What you will do >> Each line of the entries below that holds "pivotal" is needed, copied in full.

*** Data for analysis ***

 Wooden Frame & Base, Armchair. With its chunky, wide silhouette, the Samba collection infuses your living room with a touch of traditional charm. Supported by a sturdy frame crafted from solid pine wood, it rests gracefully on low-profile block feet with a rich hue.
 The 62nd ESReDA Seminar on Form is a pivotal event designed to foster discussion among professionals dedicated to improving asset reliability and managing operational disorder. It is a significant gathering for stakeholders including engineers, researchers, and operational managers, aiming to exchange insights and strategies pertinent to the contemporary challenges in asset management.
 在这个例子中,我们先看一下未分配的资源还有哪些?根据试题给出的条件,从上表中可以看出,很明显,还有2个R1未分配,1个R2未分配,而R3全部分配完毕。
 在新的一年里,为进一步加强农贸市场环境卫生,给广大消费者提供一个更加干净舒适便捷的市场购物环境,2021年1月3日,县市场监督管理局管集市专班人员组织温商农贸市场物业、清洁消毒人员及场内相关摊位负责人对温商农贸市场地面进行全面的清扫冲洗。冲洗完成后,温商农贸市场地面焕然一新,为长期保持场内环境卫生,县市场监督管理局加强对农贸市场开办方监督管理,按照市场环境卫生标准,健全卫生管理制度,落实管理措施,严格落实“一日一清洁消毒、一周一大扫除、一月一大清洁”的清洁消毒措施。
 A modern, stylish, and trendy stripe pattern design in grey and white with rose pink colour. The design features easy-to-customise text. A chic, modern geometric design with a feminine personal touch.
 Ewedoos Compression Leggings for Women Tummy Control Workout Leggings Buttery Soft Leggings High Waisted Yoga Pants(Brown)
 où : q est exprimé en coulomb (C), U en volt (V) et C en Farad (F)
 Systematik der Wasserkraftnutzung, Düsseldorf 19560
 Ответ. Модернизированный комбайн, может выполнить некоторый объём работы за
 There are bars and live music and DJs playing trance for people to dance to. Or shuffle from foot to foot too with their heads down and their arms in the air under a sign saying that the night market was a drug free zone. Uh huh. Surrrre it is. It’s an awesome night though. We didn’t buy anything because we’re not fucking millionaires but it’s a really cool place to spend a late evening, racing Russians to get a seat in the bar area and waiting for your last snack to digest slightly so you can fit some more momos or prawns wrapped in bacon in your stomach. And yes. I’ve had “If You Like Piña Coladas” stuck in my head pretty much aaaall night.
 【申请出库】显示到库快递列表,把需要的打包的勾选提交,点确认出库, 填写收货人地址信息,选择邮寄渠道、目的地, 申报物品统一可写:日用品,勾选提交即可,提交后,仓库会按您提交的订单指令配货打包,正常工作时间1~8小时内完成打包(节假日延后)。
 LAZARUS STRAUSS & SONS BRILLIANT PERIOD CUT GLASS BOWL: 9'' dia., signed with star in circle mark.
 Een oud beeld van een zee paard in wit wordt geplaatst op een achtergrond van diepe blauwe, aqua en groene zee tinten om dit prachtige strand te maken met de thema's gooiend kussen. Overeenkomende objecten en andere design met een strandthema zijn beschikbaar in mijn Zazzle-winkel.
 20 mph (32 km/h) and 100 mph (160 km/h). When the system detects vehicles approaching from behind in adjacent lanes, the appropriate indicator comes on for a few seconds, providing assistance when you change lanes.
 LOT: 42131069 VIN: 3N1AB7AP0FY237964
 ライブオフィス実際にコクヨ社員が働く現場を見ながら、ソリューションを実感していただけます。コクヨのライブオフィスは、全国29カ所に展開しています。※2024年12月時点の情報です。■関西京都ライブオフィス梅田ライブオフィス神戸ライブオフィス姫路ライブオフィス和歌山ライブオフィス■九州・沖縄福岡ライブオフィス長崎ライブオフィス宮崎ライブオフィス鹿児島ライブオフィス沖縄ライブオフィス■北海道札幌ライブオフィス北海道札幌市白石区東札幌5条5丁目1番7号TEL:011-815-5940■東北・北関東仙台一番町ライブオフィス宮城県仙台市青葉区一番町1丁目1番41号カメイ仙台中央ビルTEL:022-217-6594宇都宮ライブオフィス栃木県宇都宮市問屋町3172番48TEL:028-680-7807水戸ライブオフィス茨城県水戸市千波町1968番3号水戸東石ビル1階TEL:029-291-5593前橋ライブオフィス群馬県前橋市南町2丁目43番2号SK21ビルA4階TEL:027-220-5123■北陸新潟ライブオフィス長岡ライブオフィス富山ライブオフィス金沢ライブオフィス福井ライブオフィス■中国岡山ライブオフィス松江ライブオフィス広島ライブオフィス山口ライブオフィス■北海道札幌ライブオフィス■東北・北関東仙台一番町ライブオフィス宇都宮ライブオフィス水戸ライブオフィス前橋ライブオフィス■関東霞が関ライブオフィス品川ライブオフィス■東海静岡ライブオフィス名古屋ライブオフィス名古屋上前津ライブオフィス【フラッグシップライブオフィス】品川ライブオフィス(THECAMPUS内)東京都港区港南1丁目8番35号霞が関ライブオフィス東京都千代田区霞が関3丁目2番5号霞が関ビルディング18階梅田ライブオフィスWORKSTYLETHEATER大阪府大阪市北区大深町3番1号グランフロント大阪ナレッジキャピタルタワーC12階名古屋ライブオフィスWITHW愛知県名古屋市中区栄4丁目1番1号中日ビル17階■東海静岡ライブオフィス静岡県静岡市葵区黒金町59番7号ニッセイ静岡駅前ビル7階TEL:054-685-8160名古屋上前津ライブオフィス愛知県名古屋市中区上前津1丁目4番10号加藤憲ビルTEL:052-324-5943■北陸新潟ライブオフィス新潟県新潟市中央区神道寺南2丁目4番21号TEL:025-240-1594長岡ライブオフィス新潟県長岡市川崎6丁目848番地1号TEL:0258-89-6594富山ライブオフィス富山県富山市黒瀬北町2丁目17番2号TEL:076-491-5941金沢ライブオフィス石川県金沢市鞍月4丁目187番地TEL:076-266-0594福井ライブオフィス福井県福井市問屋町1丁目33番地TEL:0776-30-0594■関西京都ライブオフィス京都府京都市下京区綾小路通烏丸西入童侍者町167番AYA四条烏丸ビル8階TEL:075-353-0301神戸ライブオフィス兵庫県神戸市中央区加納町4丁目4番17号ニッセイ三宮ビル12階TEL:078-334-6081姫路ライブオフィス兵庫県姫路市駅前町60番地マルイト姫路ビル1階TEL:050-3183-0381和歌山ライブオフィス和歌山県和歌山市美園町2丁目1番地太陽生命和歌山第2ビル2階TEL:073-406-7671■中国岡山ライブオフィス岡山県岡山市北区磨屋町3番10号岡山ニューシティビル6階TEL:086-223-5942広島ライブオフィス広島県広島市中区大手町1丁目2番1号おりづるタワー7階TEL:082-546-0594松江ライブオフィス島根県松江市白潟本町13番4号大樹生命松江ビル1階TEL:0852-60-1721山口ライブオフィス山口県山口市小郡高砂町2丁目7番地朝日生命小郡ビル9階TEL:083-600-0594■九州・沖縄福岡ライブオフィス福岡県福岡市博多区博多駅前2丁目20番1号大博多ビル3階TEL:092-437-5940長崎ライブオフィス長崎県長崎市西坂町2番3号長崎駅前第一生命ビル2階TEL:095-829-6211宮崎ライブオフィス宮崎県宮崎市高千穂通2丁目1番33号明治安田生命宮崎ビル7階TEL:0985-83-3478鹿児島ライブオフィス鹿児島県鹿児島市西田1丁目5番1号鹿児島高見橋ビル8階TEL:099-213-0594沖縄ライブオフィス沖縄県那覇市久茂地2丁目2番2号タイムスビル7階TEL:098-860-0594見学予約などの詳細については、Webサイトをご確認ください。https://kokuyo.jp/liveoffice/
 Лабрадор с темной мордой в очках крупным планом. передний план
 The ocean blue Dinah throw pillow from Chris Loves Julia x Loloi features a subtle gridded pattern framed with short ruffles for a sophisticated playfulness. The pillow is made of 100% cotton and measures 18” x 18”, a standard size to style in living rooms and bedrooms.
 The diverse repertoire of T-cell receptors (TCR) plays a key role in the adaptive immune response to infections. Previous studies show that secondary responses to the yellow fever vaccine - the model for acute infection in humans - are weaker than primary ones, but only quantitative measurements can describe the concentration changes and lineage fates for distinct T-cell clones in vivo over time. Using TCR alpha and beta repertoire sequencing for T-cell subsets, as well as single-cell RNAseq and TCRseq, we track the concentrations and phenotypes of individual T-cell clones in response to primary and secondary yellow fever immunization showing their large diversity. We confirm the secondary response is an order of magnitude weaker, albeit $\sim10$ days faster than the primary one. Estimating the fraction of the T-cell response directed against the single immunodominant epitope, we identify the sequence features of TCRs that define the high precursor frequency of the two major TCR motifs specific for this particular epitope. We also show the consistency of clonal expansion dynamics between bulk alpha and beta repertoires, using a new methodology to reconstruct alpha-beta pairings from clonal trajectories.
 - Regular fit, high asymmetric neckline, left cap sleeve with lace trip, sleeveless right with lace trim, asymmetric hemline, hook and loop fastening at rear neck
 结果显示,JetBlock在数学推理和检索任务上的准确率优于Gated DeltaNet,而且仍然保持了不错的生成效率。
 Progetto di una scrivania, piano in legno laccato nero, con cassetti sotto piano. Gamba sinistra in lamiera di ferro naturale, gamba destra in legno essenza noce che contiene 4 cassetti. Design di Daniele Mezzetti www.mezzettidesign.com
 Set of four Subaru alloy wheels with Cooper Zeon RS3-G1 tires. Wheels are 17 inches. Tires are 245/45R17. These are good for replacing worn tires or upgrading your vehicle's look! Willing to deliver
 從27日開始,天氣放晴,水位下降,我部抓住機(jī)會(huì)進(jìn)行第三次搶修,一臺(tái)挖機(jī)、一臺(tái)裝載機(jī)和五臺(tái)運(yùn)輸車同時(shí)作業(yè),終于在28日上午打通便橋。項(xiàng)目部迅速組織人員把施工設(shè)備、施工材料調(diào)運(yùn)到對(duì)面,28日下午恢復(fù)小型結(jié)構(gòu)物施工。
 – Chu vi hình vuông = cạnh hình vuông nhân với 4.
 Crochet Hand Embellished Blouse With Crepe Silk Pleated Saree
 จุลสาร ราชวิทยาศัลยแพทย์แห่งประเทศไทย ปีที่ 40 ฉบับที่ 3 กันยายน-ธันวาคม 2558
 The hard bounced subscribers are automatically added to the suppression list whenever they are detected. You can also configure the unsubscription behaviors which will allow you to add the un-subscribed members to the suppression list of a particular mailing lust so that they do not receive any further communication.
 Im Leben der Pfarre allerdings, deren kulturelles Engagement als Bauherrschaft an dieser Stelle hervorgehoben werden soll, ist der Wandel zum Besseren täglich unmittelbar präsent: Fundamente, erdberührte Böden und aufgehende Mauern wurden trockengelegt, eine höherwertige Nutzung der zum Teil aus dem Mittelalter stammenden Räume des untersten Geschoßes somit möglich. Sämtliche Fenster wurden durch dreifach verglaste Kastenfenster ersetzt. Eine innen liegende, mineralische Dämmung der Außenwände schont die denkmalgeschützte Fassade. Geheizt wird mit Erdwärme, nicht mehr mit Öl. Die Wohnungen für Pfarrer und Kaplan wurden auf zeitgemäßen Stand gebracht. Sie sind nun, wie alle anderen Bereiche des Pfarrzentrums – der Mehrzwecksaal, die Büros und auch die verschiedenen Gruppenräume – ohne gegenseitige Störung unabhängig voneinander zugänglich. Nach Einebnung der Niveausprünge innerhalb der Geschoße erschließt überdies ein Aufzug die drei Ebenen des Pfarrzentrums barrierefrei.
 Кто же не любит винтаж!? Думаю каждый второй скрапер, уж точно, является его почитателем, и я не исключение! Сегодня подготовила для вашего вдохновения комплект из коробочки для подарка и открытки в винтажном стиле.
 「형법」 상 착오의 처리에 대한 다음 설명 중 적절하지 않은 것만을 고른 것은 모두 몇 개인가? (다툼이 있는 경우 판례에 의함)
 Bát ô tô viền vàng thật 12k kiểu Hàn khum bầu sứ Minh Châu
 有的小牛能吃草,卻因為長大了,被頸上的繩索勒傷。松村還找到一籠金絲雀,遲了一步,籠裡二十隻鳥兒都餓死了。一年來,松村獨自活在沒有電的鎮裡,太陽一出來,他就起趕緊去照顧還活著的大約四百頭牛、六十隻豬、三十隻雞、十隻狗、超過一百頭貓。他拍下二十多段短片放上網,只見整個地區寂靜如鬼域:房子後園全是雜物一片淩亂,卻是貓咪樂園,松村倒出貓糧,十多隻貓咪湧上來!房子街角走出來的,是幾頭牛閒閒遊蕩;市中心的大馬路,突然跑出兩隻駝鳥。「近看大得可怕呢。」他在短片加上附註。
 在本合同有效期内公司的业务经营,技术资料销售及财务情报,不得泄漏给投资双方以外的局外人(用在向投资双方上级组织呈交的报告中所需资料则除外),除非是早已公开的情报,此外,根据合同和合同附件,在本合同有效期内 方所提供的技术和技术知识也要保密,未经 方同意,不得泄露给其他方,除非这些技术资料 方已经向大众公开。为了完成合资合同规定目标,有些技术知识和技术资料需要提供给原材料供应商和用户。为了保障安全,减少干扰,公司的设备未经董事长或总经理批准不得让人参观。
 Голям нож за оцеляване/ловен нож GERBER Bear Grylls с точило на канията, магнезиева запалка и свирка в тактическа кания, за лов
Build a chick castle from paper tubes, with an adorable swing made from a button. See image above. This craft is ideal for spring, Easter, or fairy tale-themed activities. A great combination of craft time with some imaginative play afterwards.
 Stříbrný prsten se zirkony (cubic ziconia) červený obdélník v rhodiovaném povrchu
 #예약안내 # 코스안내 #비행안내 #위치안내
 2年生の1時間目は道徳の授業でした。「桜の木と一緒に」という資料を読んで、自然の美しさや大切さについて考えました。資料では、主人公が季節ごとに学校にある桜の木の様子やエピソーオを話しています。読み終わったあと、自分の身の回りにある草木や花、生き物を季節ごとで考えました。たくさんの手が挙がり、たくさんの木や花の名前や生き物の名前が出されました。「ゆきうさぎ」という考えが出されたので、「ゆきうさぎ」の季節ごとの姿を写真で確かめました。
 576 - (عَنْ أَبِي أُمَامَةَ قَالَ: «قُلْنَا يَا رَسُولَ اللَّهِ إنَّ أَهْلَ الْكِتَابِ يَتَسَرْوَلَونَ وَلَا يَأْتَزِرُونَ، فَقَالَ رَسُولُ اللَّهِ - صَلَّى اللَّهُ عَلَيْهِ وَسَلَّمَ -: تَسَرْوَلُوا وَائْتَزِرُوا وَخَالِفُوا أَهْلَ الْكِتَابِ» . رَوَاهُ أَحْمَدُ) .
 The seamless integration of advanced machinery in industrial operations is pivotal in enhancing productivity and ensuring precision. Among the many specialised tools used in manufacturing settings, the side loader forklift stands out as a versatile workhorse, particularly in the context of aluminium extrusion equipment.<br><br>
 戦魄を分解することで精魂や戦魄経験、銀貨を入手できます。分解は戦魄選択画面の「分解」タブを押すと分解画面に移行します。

*** End of Data for analysis ***

Expected answer >>
 The 62nd ESReDA Seminar on Form is a pivotal event designed to foster discussion among professionals dedicated to improving asset reliability and managing operational disorder. It is a significant gathering for stakeholders including engineers, researchers, and operational managers, aiming to exchange insights and strategies pertinent to the contemporary challenges in asset management.
 The seamless integration of advanced machinery in industrial operations is pivotal in enhancing productivity and ensuring precision. Among the many specialised tools used in manufacturing settings, the side loader forklift stands out as a versatile workhorse, particularly in the context of aluminium extrusion equipment.<br><br>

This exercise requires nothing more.